* Extracted records *
- - - -

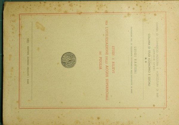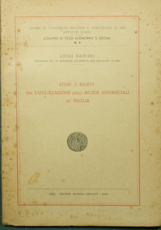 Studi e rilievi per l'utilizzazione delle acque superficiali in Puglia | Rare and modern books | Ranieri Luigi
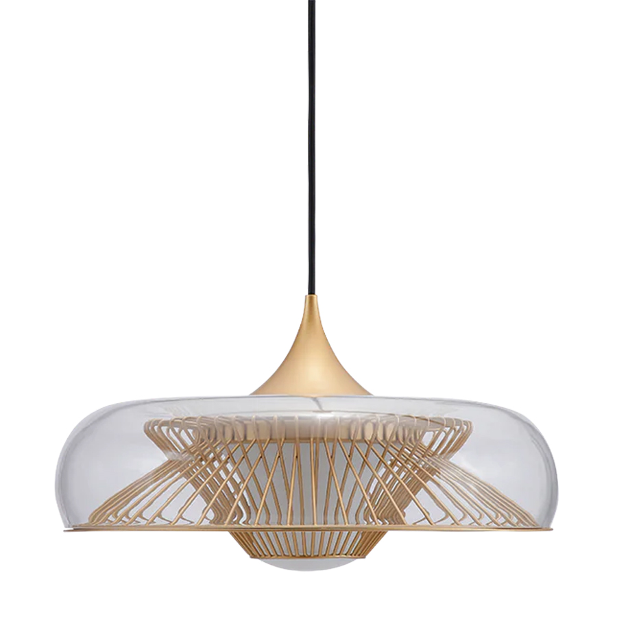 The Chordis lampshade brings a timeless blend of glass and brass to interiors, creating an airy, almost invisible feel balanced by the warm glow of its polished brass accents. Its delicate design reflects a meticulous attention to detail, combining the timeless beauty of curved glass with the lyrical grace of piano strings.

- - - -

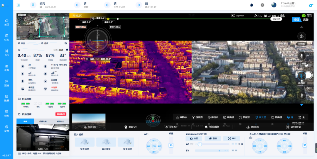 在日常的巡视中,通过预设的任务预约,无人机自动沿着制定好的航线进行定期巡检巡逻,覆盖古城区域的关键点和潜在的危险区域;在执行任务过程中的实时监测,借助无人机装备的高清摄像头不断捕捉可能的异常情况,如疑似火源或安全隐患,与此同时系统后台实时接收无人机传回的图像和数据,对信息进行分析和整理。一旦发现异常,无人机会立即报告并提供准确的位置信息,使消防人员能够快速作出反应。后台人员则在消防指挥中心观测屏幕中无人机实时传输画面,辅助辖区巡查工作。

- - - -

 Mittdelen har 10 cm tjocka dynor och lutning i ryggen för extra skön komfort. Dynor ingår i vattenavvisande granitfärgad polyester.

- - - -

* Assignment *
Copy nothing but the lines above from the one with "Studi e rilievi" to the one with "The Chordis lampshade", inclusive, word for word. Leave every picture out.

* Exercise response *
 Studi e rilievi per l'utilizzazione delle acque superficiali in Puglia | Rare and modern books | Ranieri Luigi
 The Chordis lampshade brings a timeless blend of glass and brass to interiors, creating an airy, almost invisible feel balanced by the warm glow of its polished brass accents. Its delicate design reflects a meticulous attention to detail, combining the timeless beauty of curved glass with the lyrical grace of piano strings.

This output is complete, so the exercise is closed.